Well dang if I can find it, but I distinctly recall reading a sidebar in an old college textbook about a feral boy (close to full adulthood, actually) who was discovered in a European forest sometime in the Eighteenth or Nineteenth Century. It was widely thought that the fellow was lost or abandoned in the woods as a small child and learned to survive on his own.
When captured and brought to “civilization”, the “wild man” became a servant to an early behavioral observer. He had trouble learning more than a couple hundred spoken words, and had very serious memory problems (i.e., when given an instruction, he had to perform it right then or risk forgetting it completely. I think he improved over time.
Yeah, I know, it sounds like Tarzan, sounds improbable, could have been just a nutbag, but I swear I read it in a reputable source. If anyone can help me with the citation, I’ll appreciate it.
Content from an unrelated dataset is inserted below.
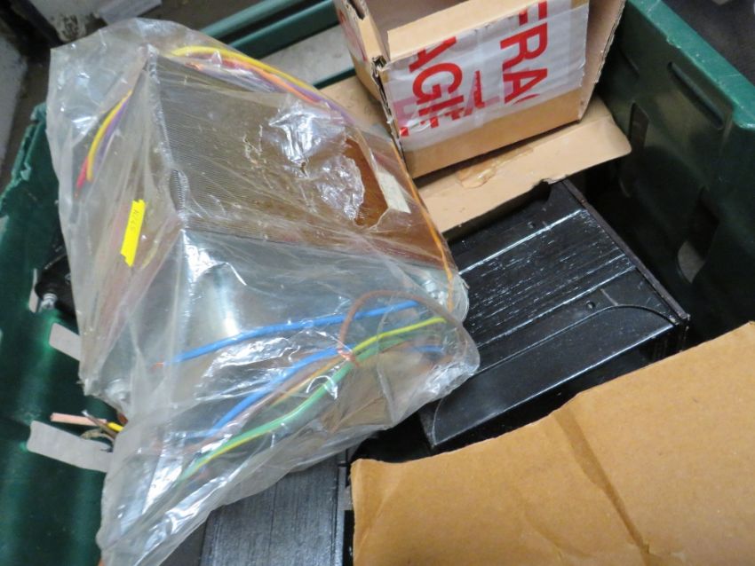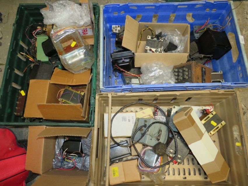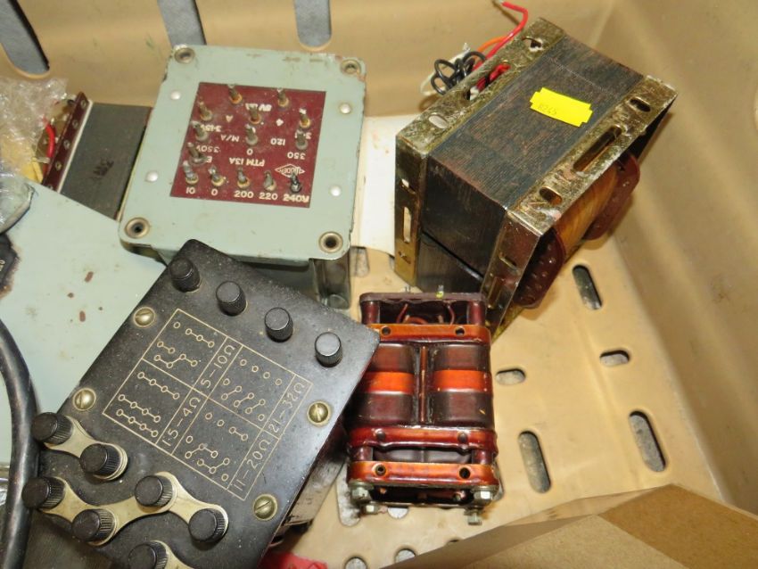 TWO TRAYS CONTAINING AN ASSORTMENT OF LARGE ELECTRICAL TRANSFORMERS

Why am I so willing to recount a half-remembered source and expect you to believe it? Well, as a child, I lived for a summer in an orphanage with two people who had a similar upbringing. These two brothers were about ages 9 and 11, had been locked in a single room and fed through a hole in the wall, with virtually no contact with any other people until they were discovered at least two years before I met them. I was about 11 myself, which is worth keeping in mind.
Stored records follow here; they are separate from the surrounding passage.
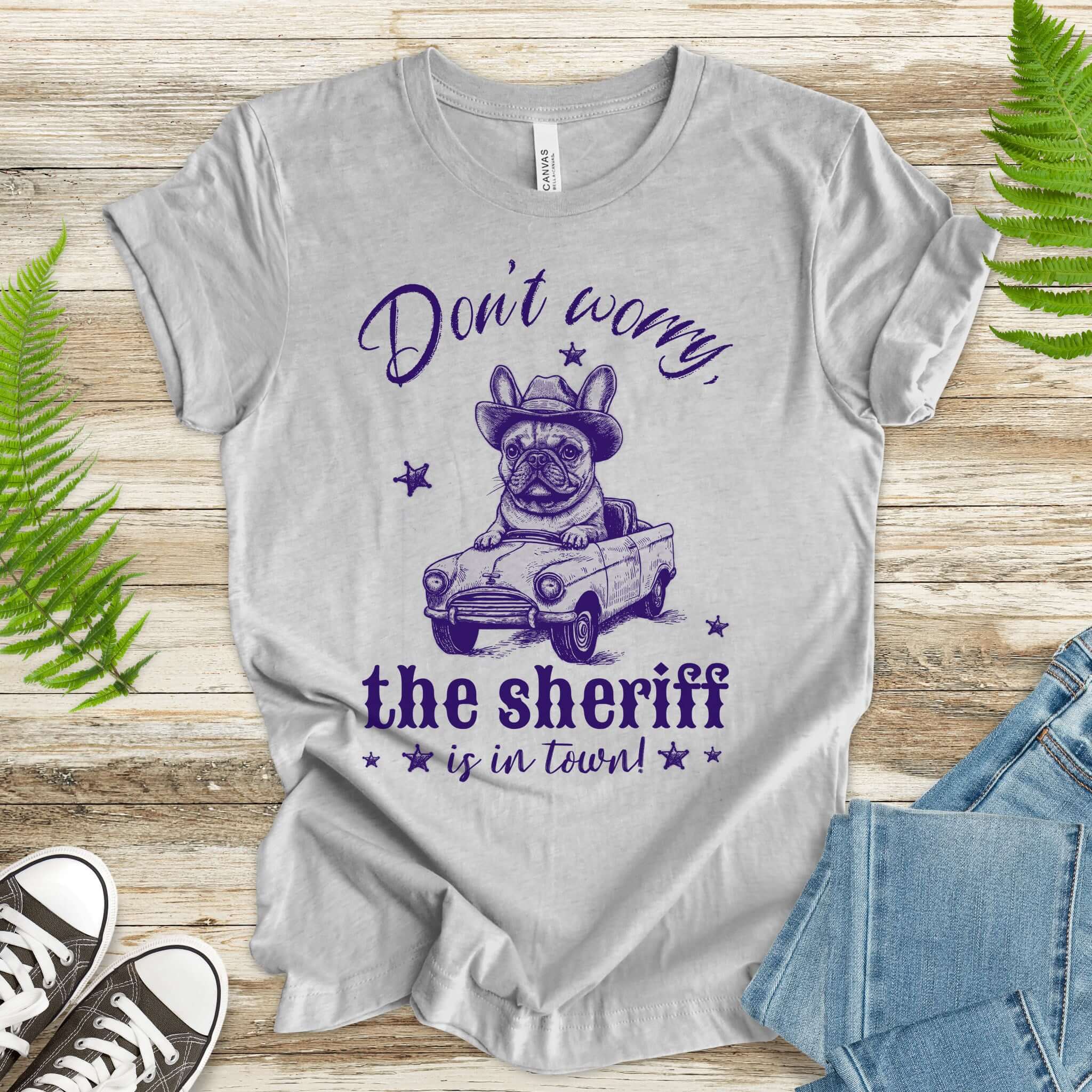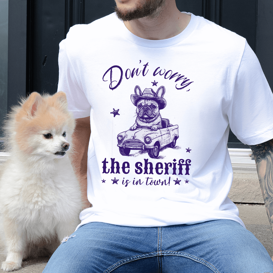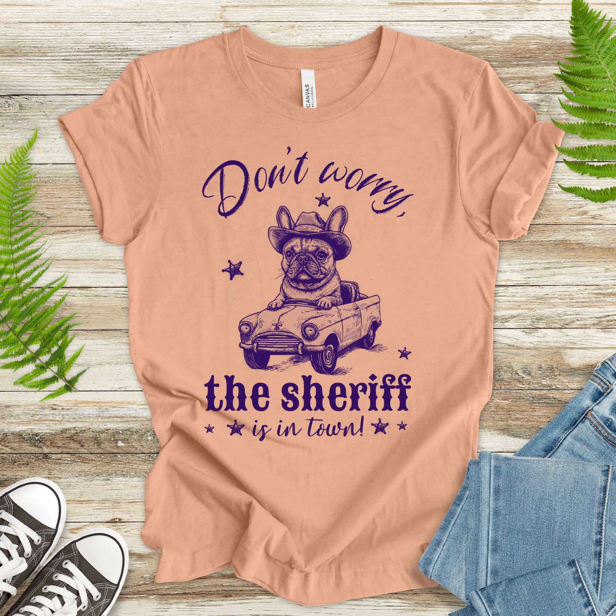 Bulldog Sheriff Retro Funny Car T-Shirt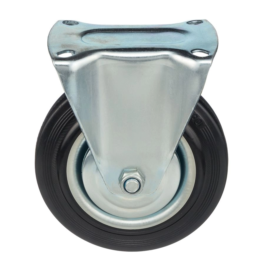 Колесо неповоротное 4002-160, диаметр 160мм., грузоподъемность 145кг. Колеса из черной литой резины, центр из двух гальванизированных дисков из штампованной стали. Роликовый (игольчатый) подшипник расположен в углублении, выдавленном под прессом, и содержит цилиндрические ролики подшипника. Неповоротный кронштейн изготовлен прессованием из листовой стали. Возможно применение на относительно грубых полах складов, заводов, производственных и строительных площадках. Данные колеса можно использовать на неровных поверхностях, во влажной окружающей среде и использовании вне помещения, не рекомендуется применять в среде с органическими растворителями, хлорированными веществами, гидрокарбонатами и минеральными маслами. Температура эксплуатации от -20 до +70С.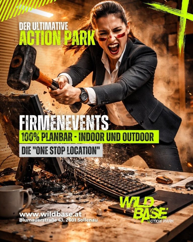 Der Wild Base-Action Park ist die perfekte Location für spannende und unvergessliche Firmenevents jeder Art! Hier treffen Erlebnis, Spaß und ein starkes "Wir-Gefühl" aufeinander – kombiniert mit einem actionreichen Programm, das den Teamgeist stärkt und für jede Menge Adrenalin sorgt.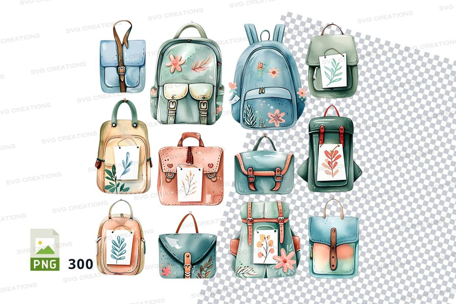 Animal Design Colorful Floral School Clipart Isolated Png White Backpack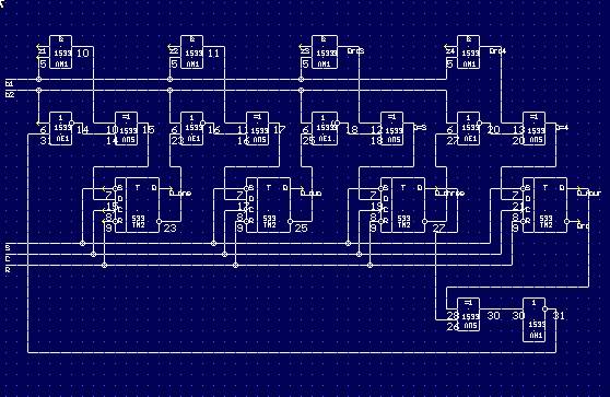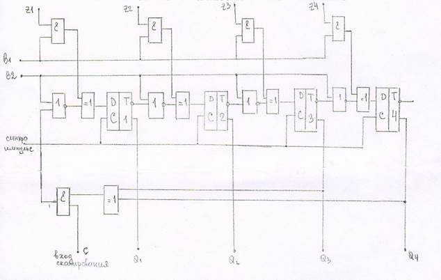Выходы 3 и 4 триггеров складываются по модулю два, а затем с 1 триггером. Чтобы получить на вход 2 триггера сигнал, необходимо сигнал с выхода первого триггера сложить по модулю 2 с входным сигналом z2. Аналогично для 3 и 4 триггера.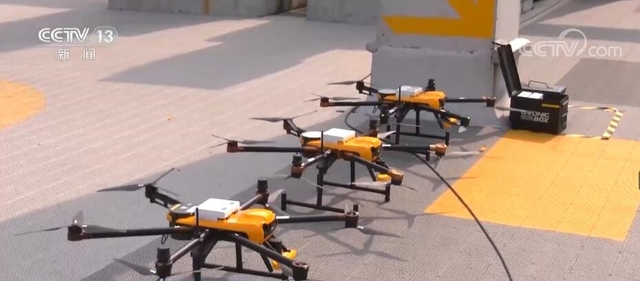 中午11點(diǎn),在深圳一家商場(chǎng)頂層的平臺(tái)上,一架架無(wú)人機(jī)整齊停放在“停機(jī)坪”,工作人員將傳送帶上的外賣(mài)掃碼、裝箱,再掛上無(wú)人機(jī)就準(zhǔn)備起飛。在幾公里外的目的地,有智能空投柜等待接收,降落后顧客憑取件碼取餐,方便安全。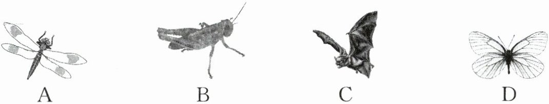 A、B、D都是无脊椎动物,与鸟类亲缘关系较远;蝙蝠是哺乳动物,和鸟类亲缘关系最近。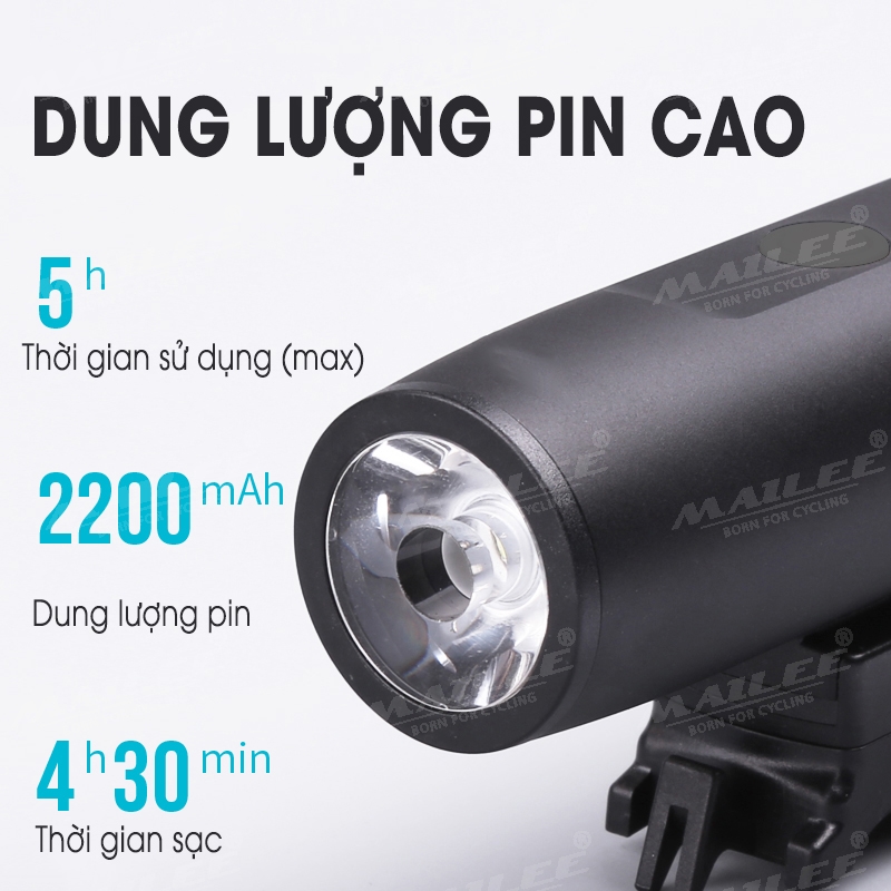 Đèn Trước Xe Đạp Chiếu Sáng Cao Cấp Chống Nước P-023 dung lượng 5200mAh Gắn tay lái, sạc Type-C, sáng max 10h, Có Hỗ trợ Sạc Khẩn Cấp - Mai Lee Thông số kỹ thuật

They, too, had serious language and memory problems, but they had no problems whatsoever communicating with one another at a subverbal level that I found fascinating as a kid but cannot easily explain. I recall that the two of them would work together, silently, piecing together puzzles and model airplanes, and playing with legos with a deftness that belied their apparent “retardation,” which is how the other kids described their problem. They were, however, very easily confused and distracted, which the other kids used to keep the two of them in a near-perpetual state of torment and agitation. Even when at their angriest, their expressions were only slightly more animated than what I would call stoic. They never smiled.
Nevertheless, my impression was that their biggest problem was verbal; cognitively they seemed to be brighter than the kids who picked on them, although I can’t give any specific examples other than the way they played with their toys.
I didn’t pick on them, dammit. I hope someone mentions that at my funeral, because it might wind up being the finest thing I ever did.